Beginning as OTL

The greatest times of Denmark (which had once ruled England under Knut the Great) were already over in 1200; still, in 1219 Denmark managed to conquer Estonia. (Legend has it that the Danish flag, the Dannebrog, fell from the sky during a battle in this year.) Its influence on Northern Germany, however, was lost in the Battle of Bornhöved, 1227.

The year 1282 became a very important one for Denmark: In this year, the nobility forced the king to grant a charter, considered Denmark's first constitution.

Powerless kings

The position of the Danish kings started to weaken further in the 14th century: In 1326 king Christoffer II was kicked out after he wanted to tax the nobles and the church; from now on, Gerhard III of Holstein effectively ruled the country. Due to the latter's marriage to countess Margarethe of Holland, Zeeland and Hennegau in 1331, Denmark's personal union to the Netherlands was prepared. Skane was lost to Sweden in 1352. After coming of age, king Henrik II tried to subdue his vassals, especially mighty Holstein, in 1360, but was defeated and lost most power.

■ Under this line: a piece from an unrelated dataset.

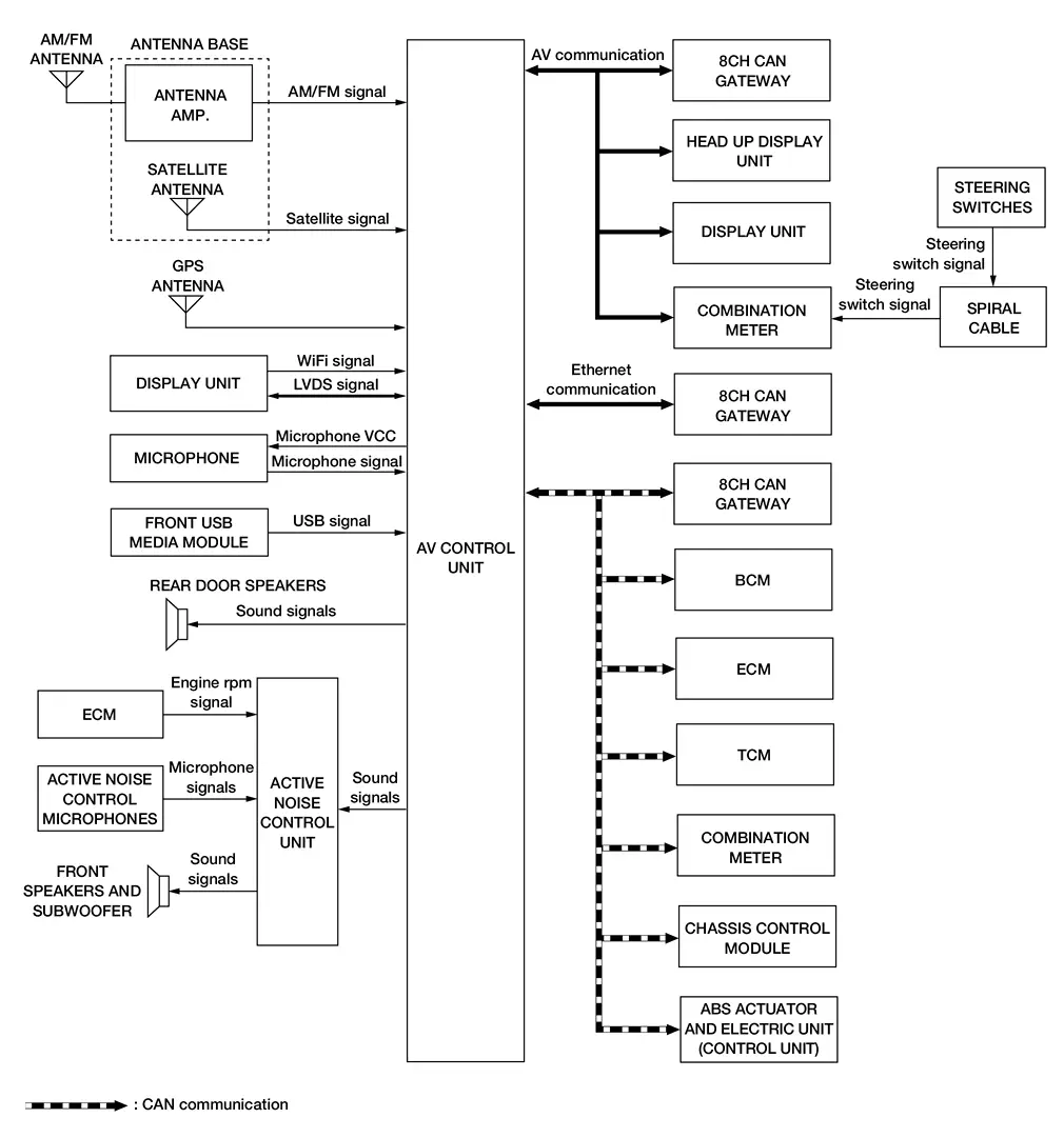 Satellite signals received by the antenna base (satellite antenna) are sent to the AV control unit. The AV control unit sends the audio signals to the rear door speakers and active noise control unit. The active noise control unit sends audio signals to the front speakers and front door speakers.

Even worse, he had to sell Estonia to the Teutonic Order to pay his debt. Jutland now was completely under Holstein's control. Some of the king's followers fled to Bornholm in 1368 now that their cause was lost, forming the Bornholm Brotherhood, starting piracy in the Baltic.

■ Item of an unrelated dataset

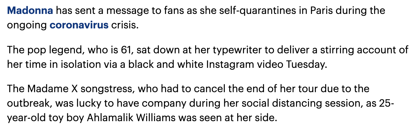 Madonna’s album came out 221-days before the first patient in the U.S., or a span of 222-days.

Rise, thanks to Prince Harald and Atlantis

Since about 1350-75, due to growing demand for food, Denmark had extended fishery in the North Atlantic, going farther and farther west. Soon, tales of strange islands in the far west start to spread among fishermen and sailors.

1381, the Danish prince Harald went on a journey with some fishermen, interested in their tales of lands in the west. They landed in OTL Newfoundland (later named Haraldsland), meeting some natives. Prince Harald claimed the land in the name of the Danish king, returned to Europe together with some natives. The prince would send those bronze-skinned men to various European courts, astonishing people, which made him many influential friends - and when he would become king later, the dukes of Holstein wouldn't dare to take a move against him, as long as he reigned.

1387, Prince Harald made a second journey to America, coming as far as OTL Manhattan this time, which was named Prince-Harald-Island in his honor. A scholar who accompanied him brought an interesting new weed to Europe - the tobacco.

Denmark under the Schauenburger dynasty

In 1396, Black Death arrived in Denmark, killing a good part of the population, similar as in other European countries.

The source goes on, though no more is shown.